We continue our discussion with Palm Beach County Sheriff Ric Bradshaw, who, if re-elected in 2020 to another term, is likely to become the county’s longest-serving sheriff of all-time. For the rest of our conversation, pick up the January issue of Boca!
Tell us about the role a county sheriff, and why it’s important for this position to exist.
Just about every state has sheriffs. They’re all elected, and they’re all countywide sheriffs. It’s pretty much across the United States. It’s the oldest form of law enforcement in existence—it really hasn’t changed since the Sheriff of Nottingham.
It’s not that it’s more important than cities—it just has different roles. I was a police chief before I was a sheriff, and the only difference is, sheriffs, in most cases, run the jails. They provide security for the airports, the seaports, and have a larger, expanded role and, more times than not, more resources than cities. But you’re the chief law enforcement officer for the entire county.

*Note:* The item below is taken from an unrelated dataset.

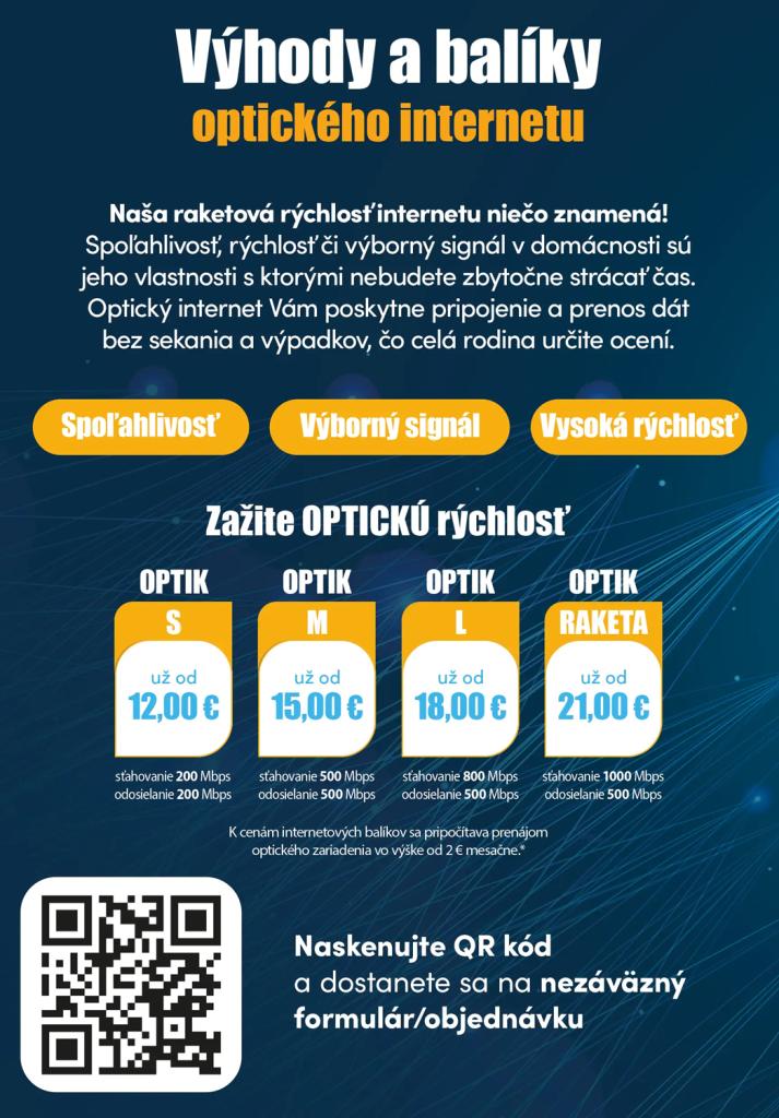 Pre našich občanov začali ponúkať šírenie optickej siete, čiže rýchleho, stabilného a spoľahlivého optického pripojenia tieto firmy:

We’re back in season again; President Trump may make many visits to Mar-a-Lago. Having dealt with presidential visits since 2017, how do they impact the local police force?
They don’t impact it as far as our ability to do it, because we have the necessary manpower and special units to be able to do it. It’s a matter of expending the funds, which is about $85,000 a day while he’s here, and then getting the reimbursement in a timely fashion. It wasn’t very timely to start with. The federal government has tightened up on that, and we’ve developed a process where we get the money back for reimbursement much quicker.
The opioid epidemic seems to have leveled off from where it was a few years ago, when places like Delray were ground zero for it. What has the county done to improve this issue?
We work with the Task Force through the state attorney’s office, not to mention the fact that all the drug prevention programs we try to get into the schools and the boys’ and girls’ clubs, and all the other things we do to try to prevent rather than react. So that has been a tremendous impact. It’s got a long way’s to go, but it’s not the horrible epidemic it was before.
If you had the power to change a law, what would it be?
Probably the one that restricts our access to mental health records. I have my own mental health unit that’s comprised of deputies and mental health professionals. Unfortunately, we’re the largest mental health provider in the county, and it’s at the jail. There’s people in there that probably shouldn’t have been in there. If you go back and look at people that are involved in mass shootings, mental health issues [are prevalent]. That doesn’t mean everybody that’s mentally hill is violent; it just means that those issues were present. So in order to address those things, you need to have access to people that are out here that are mentally unbalanced that we come into contact with.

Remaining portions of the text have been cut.